»»

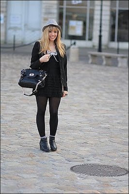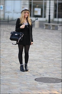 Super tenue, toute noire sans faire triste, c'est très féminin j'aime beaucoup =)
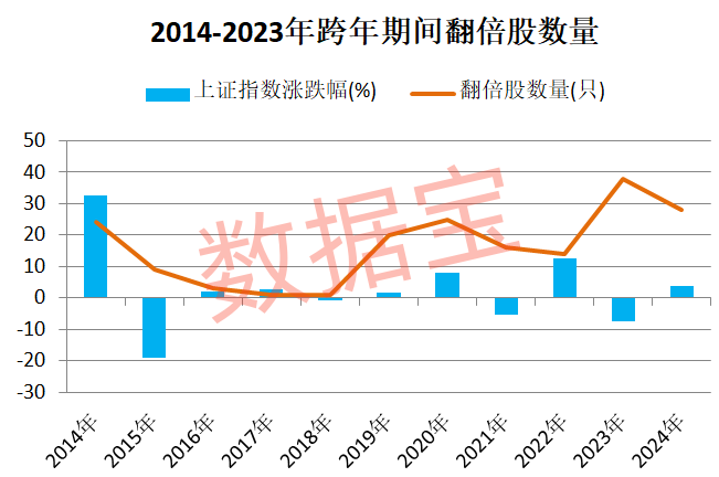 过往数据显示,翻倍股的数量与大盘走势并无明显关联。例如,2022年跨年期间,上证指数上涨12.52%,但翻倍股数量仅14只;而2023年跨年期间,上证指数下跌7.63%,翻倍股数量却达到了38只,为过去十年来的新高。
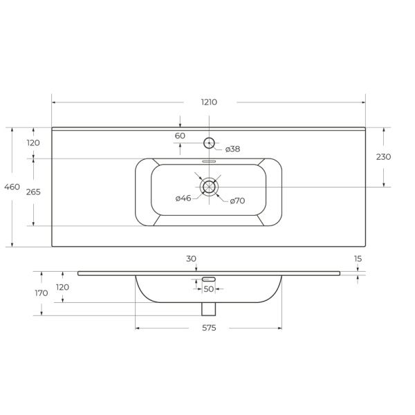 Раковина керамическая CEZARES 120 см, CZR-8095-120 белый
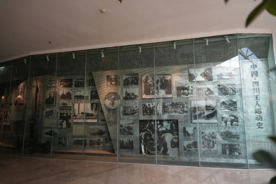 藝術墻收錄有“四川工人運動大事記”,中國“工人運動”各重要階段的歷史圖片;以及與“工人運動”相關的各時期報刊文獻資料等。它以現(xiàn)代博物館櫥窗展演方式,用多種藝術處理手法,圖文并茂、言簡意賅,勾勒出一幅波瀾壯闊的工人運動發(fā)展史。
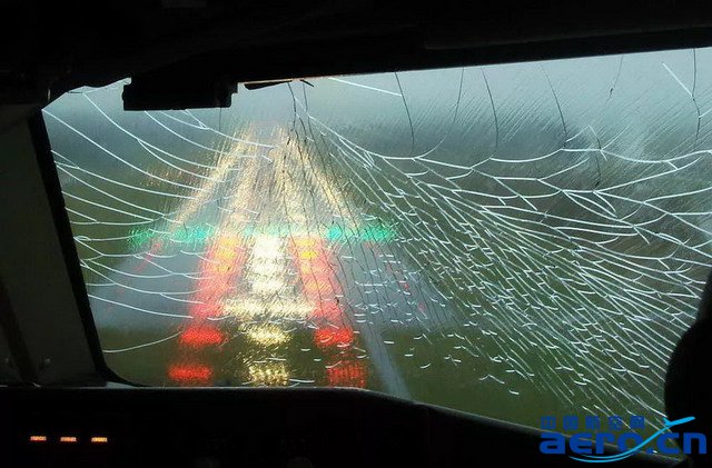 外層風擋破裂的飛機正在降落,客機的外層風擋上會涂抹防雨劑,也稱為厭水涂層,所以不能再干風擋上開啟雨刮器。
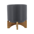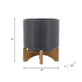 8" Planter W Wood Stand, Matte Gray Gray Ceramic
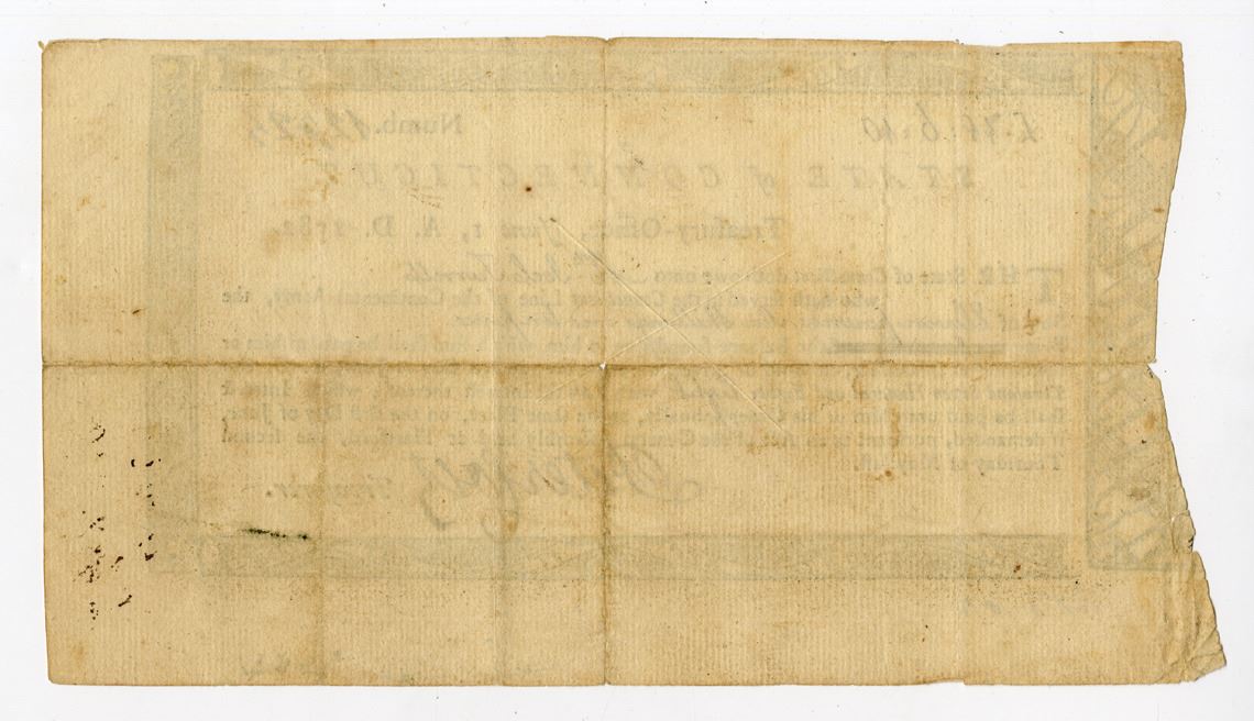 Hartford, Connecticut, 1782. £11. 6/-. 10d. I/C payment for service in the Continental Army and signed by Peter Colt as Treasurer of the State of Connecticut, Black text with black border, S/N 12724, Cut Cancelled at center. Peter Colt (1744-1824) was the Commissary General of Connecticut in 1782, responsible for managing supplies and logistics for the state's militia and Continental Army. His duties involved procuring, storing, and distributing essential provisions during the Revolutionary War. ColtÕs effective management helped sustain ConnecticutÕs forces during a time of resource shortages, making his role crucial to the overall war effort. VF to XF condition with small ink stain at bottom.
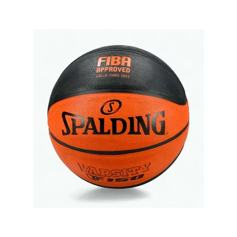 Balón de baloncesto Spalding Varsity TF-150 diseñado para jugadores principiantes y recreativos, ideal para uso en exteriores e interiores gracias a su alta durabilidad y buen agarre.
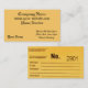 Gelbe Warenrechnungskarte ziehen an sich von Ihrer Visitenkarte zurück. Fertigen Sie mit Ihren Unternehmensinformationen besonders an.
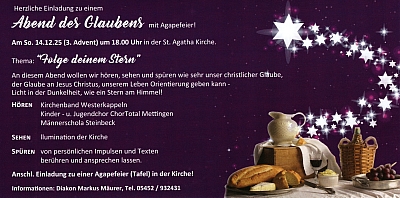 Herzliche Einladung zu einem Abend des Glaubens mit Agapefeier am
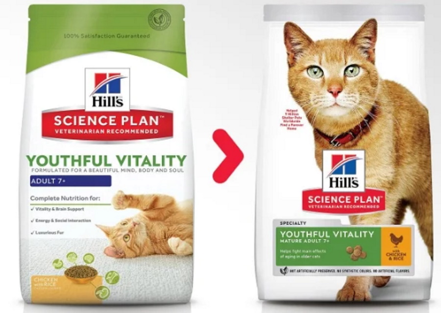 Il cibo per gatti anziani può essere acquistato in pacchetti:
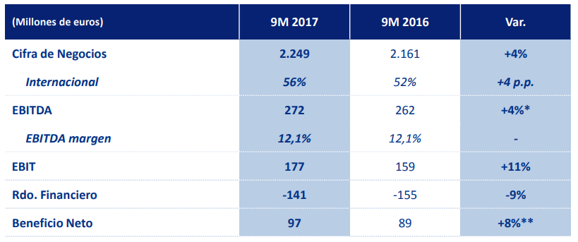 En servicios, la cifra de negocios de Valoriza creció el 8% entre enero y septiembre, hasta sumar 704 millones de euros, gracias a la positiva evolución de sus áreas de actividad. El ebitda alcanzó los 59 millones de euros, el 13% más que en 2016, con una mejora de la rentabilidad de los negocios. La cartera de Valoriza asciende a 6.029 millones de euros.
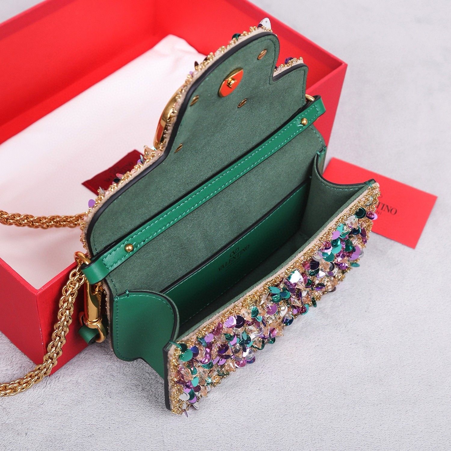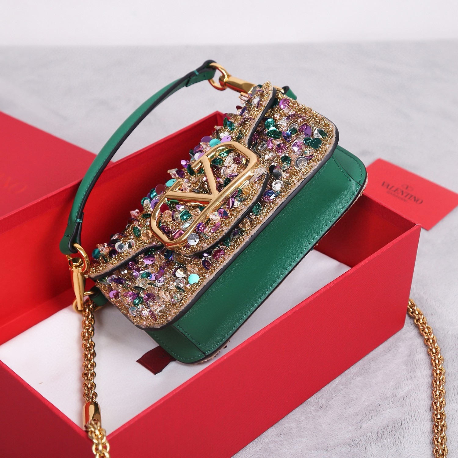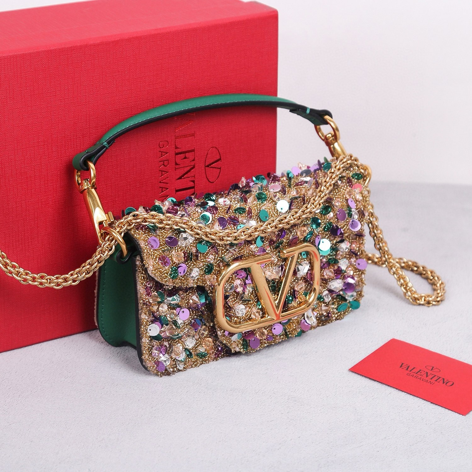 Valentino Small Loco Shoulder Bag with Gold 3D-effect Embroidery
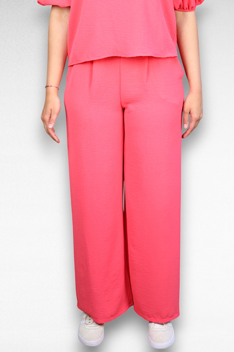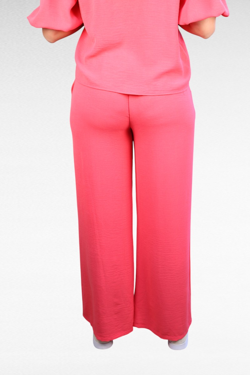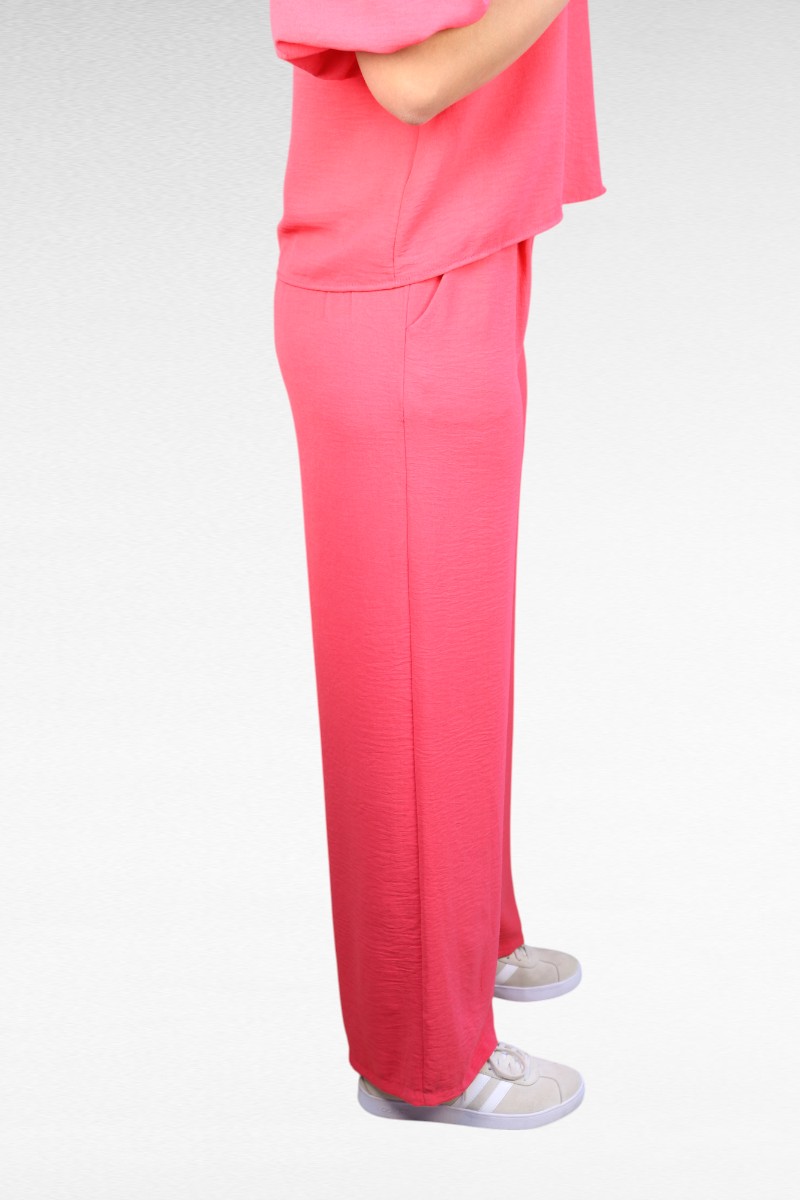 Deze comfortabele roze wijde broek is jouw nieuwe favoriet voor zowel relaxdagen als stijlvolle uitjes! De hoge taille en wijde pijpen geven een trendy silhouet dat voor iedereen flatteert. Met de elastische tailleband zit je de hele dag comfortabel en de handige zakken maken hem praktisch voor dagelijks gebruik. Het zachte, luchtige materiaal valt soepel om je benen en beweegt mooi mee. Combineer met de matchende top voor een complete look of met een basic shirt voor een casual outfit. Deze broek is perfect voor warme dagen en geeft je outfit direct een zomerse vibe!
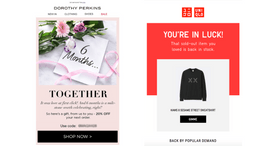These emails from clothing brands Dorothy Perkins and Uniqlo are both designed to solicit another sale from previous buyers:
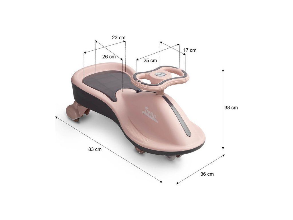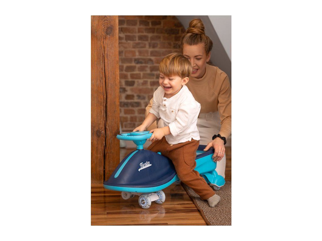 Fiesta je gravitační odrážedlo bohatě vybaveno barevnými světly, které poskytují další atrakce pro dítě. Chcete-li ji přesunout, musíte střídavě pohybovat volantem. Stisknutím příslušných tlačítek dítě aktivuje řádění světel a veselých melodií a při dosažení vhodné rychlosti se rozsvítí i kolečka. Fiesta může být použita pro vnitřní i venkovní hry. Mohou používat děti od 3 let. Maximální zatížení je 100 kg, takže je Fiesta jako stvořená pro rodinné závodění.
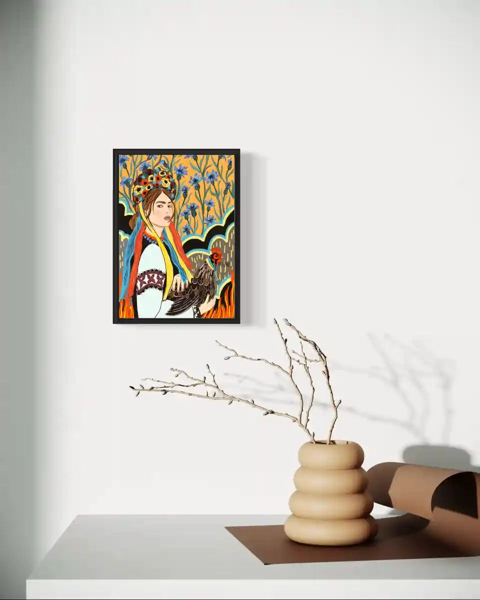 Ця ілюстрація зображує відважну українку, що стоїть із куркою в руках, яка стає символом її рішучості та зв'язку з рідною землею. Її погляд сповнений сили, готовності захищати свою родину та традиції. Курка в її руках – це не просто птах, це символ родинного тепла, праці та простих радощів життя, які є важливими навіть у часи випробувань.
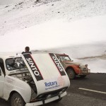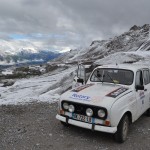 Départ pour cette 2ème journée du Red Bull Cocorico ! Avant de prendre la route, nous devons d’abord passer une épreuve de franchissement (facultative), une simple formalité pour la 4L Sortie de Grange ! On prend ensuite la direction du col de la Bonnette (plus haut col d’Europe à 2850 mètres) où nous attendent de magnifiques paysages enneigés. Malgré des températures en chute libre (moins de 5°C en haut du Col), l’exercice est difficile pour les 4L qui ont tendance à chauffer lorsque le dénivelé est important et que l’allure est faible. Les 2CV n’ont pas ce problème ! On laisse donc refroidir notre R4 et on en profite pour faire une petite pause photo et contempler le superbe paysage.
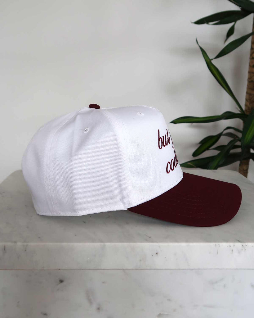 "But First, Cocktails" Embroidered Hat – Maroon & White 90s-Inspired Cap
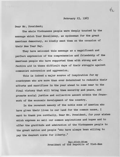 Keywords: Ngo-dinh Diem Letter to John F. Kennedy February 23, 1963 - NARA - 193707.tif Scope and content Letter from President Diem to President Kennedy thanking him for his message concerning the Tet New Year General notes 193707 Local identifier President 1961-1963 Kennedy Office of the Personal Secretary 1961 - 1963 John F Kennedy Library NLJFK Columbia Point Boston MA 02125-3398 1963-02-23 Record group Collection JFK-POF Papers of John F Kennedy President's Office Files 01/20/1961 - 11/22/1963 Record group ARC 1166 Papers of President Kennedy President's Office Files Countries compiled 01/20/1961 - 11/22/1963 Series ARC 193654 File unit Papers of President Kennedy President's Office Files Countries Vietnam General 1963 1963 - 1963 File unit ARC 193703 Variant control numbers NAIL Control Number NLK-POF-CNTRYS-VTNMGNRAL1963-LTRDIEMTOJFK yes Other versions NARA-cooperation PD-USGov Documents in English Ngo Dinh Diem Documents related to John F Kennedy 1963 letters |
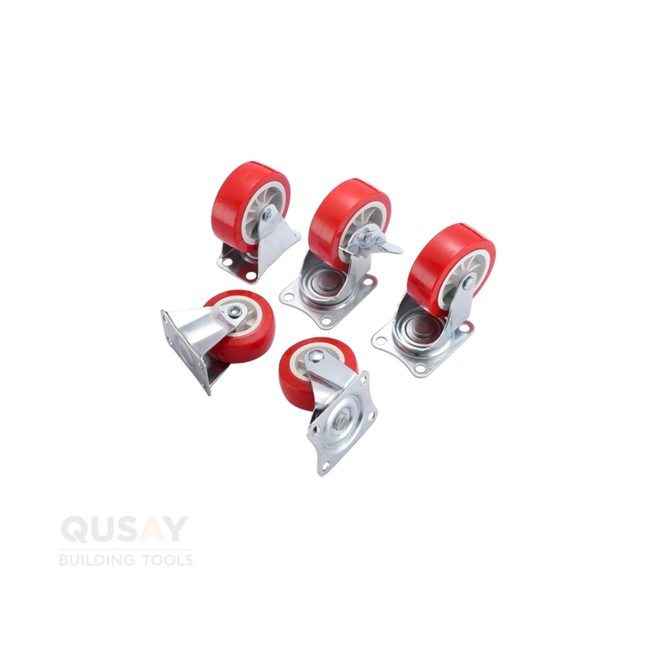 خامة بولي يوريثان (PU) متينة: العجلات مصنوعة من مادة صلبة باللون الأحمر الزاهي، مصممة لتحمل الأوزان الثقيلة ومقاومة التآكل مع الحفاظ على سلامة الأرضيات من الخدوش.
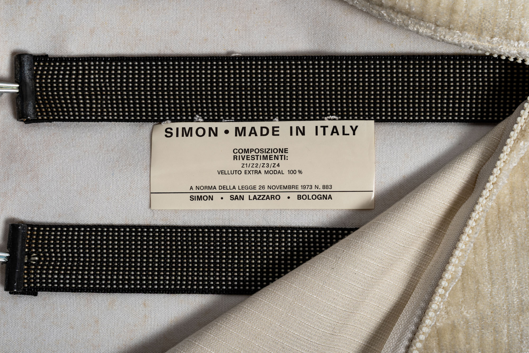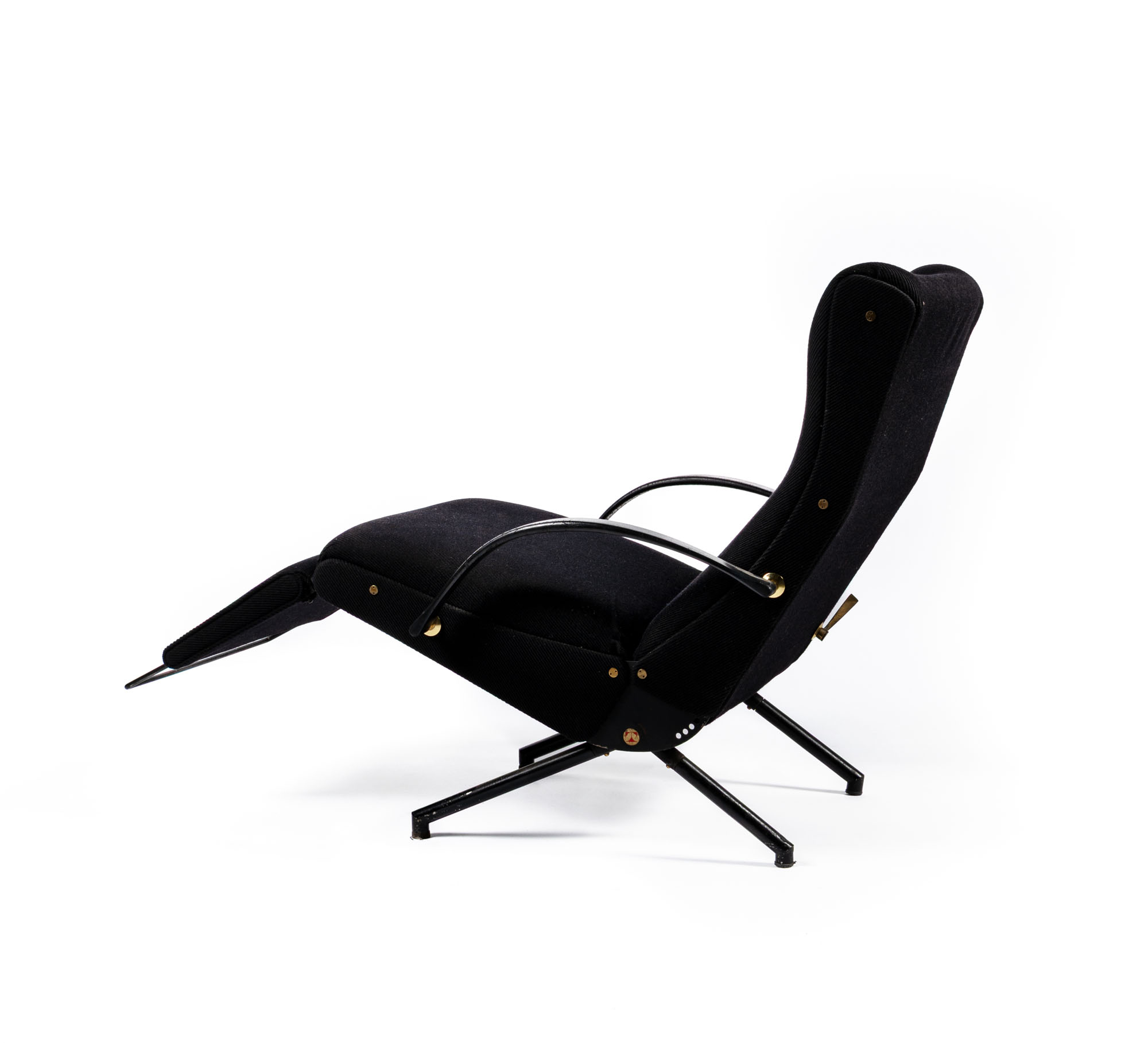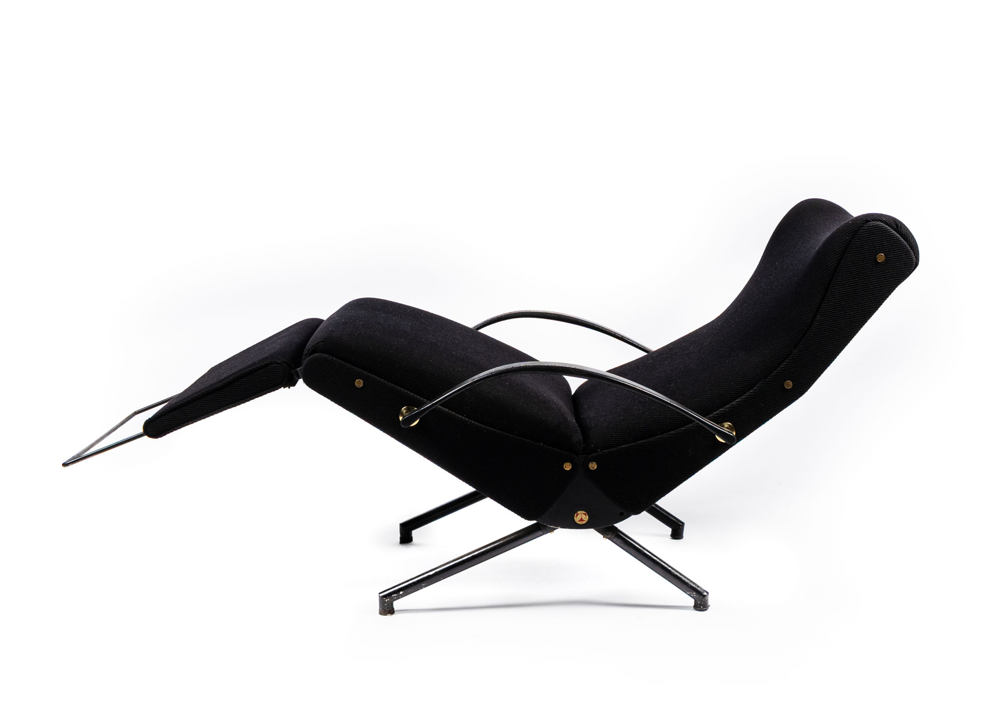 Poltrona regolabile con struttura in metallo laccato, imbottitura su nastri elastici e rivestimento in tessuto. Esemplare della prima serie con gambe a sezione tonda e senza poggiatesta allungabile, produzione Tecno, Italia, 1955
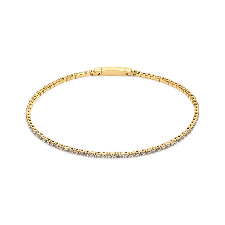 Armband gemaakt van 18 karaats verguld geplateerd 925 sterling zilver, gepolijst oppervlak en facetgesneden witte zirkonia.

««

[Required action]:
What is needed is an exact copy of each line from the top of the data above through the line containing "Раковина керамическая CEZARES", with no pictures.

[Solved problem]:
 Super tenue, toute noire sans faire triste, c'est très féminin j'aime beaucoup =)
 过往数据显示,翻倍股的数量与大盘走势并无明显关联。例如,2022年跨年期间,上证指数上涨12.52%,但翻倍股数量仅14只;而2023年跨年期间,上证指数下跌7.63%,翻倍股数量却达到了38只,为过去十年来的新高。
 Раковина керамическая CEZARES 120 см, CZR-8095-120 белый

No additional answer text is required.